- **DESCRIPTION OF THE TASK**
Apart from the pictures, print the data below exactly as given.

- **GIVEN MATERIAL**
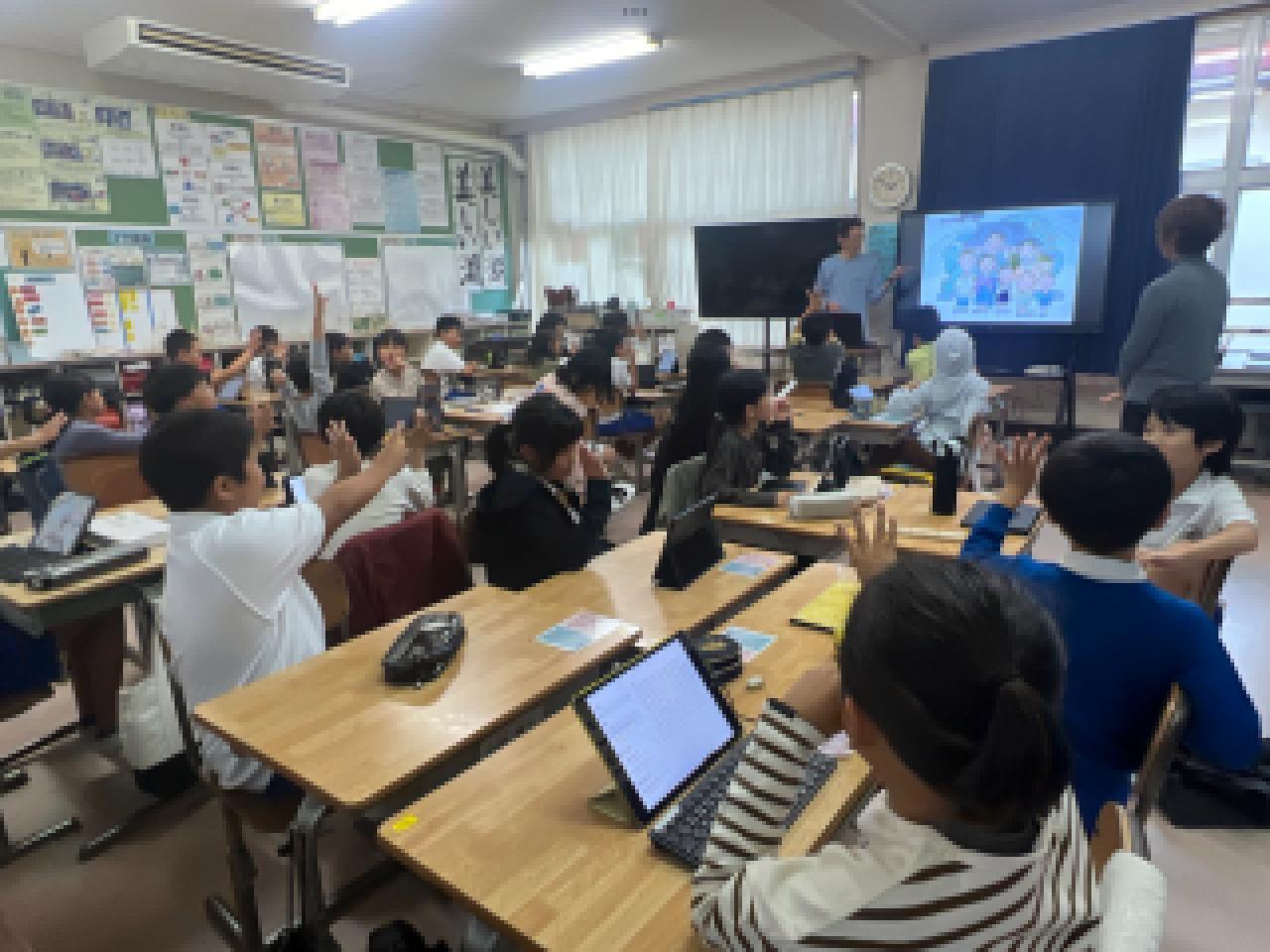 子どもたちは、自分の名前の手話での表し方を教わりました。また、友だちの名前と似ているところや違うところを発見するなど、充実した表情をしていました。
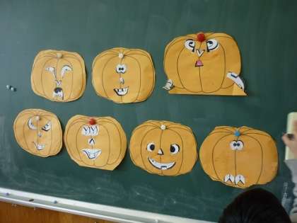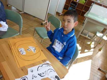 1・2年生は、ハロウィンかぼちゃの顔を作りました。
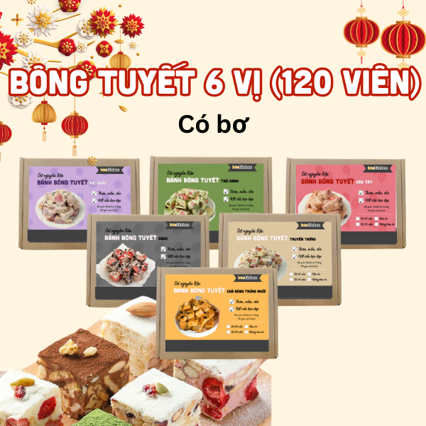 - 1 Set bánh bông tuyết truyền thống- Thành phẩm: 20 viên (~350g). Gồm: Marshmallow ít ngọt, sữa bột tách béo, bơ nhạt, bánh quy mặn, hạt mix, quả khô, găng tay, giấy nến, túi đựng bánh, tờ hướng dẫn công thức.

- **EXERCISE ANSWER**
 子どもたちは、自分の名前の手話での表し方を教わりました。また、友だちの名前と似ているところや違うところを発見するなど、充実した表情をしていました。
 1・2年生は、ハロウィンかぼちゃの顔を作りました。
 - 1 Set bánh bông tuyết truyền thống- Thành phẩm: 20 viên (~350g). Gồm: Marshmallow ít ngọt, sữa bột tách béo, bơ nhạt, bánh quy mặn, hạt mix, quả khô, găng tay, giấy nến, túi đựng bánh, tờ hướng dẫn công thức.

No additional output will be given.